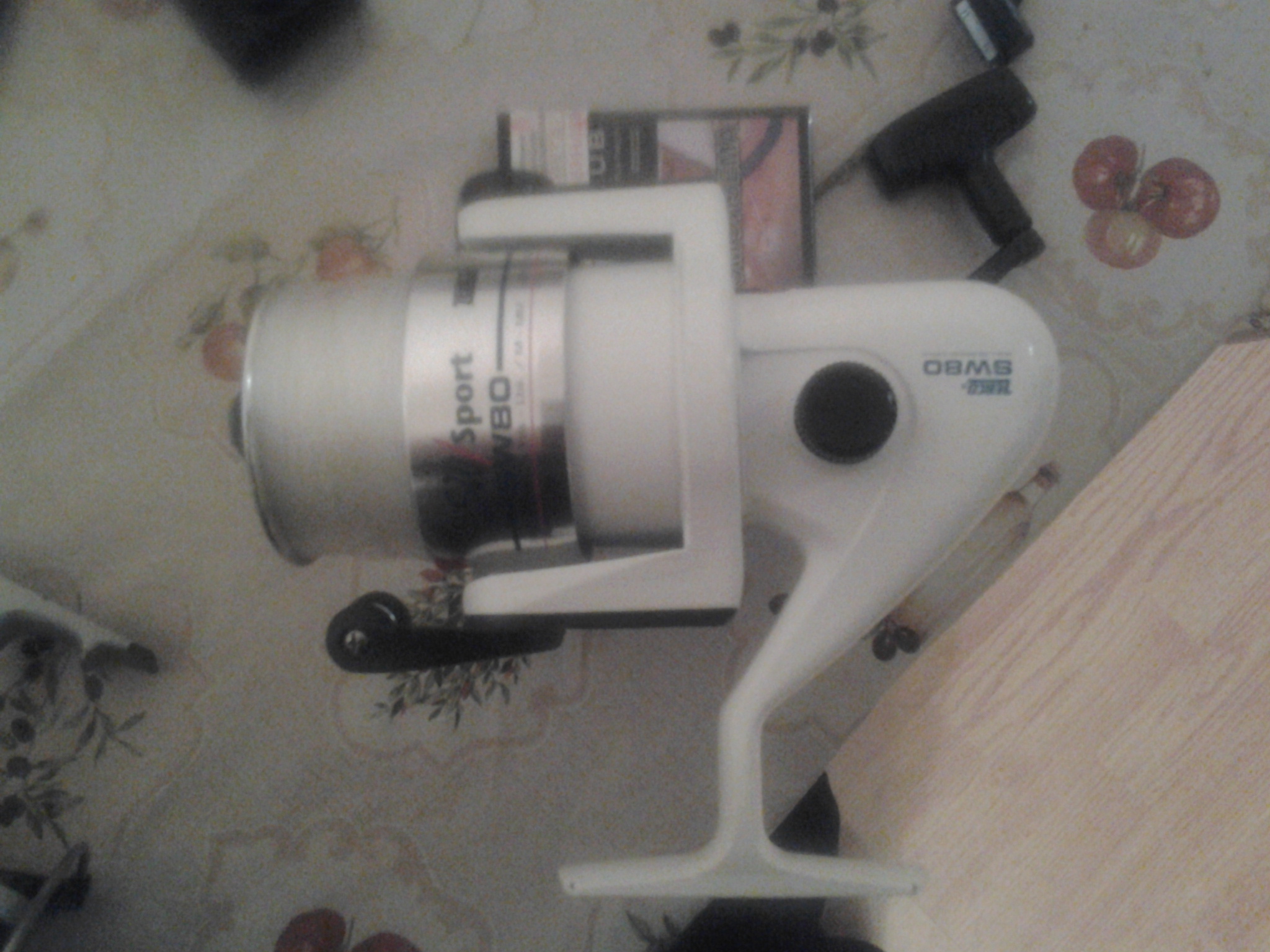 1. белая фирма Zebco SW80 SW\SPORT на ней намотана заводская леска и запечатано ценник 5000 руб
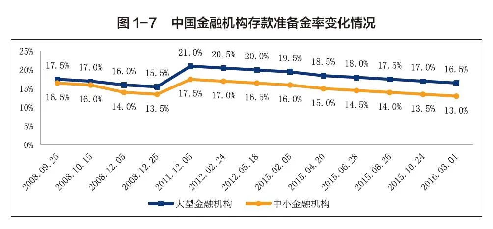 与此同时,中国央行已经13次调整金融机构存款准备金,以进一步降低企业融资成本,促进企业投资增长。如下图所示,中国金融机构准备金率调整变化趋势:
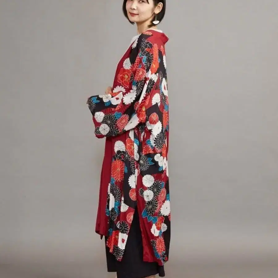 재패니즘 축하 긴 겉옷 빨간색 부채 가을 가디건 앤티크 다이쇼 로망
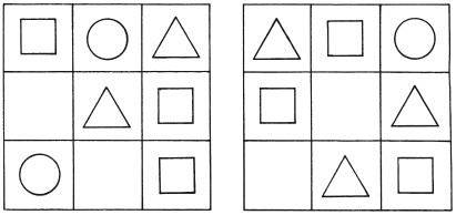 Играют двое. Каждый игрок должен изучить расположение фигур в таблице (рис. 5), обращая внимание не только на их форму, но и на цвет (усложнение по сравнению с предыдущей игрой), найти закономерность в их расположении и заполнить пустые. Победителем

════════════════

> Instructions to follow: Reproduce verbatim the opening line of the material and every line after it, up to and including the line with "재패니즘 축하 긴 겉옷 빨간색 부채 가을 가디건 앤티크 다이쇼 로망", but no pictures.

> Written response:
 1. белая фирма Zebco SW80 SW\SPORT на ней намотана заводская леска и запечатано ценник 5000 руб
 与此同时,中国央行已经13次调整金融机构存款准备金,以进一步降低企业融资成本,促进企业投资增长。如下图所示,中国金融机构准备金率调整变化趋势:
 재패니즘 축하 긴 겉옷 빨간색 부채 가을 가디건 앤티크 다이쇼 로망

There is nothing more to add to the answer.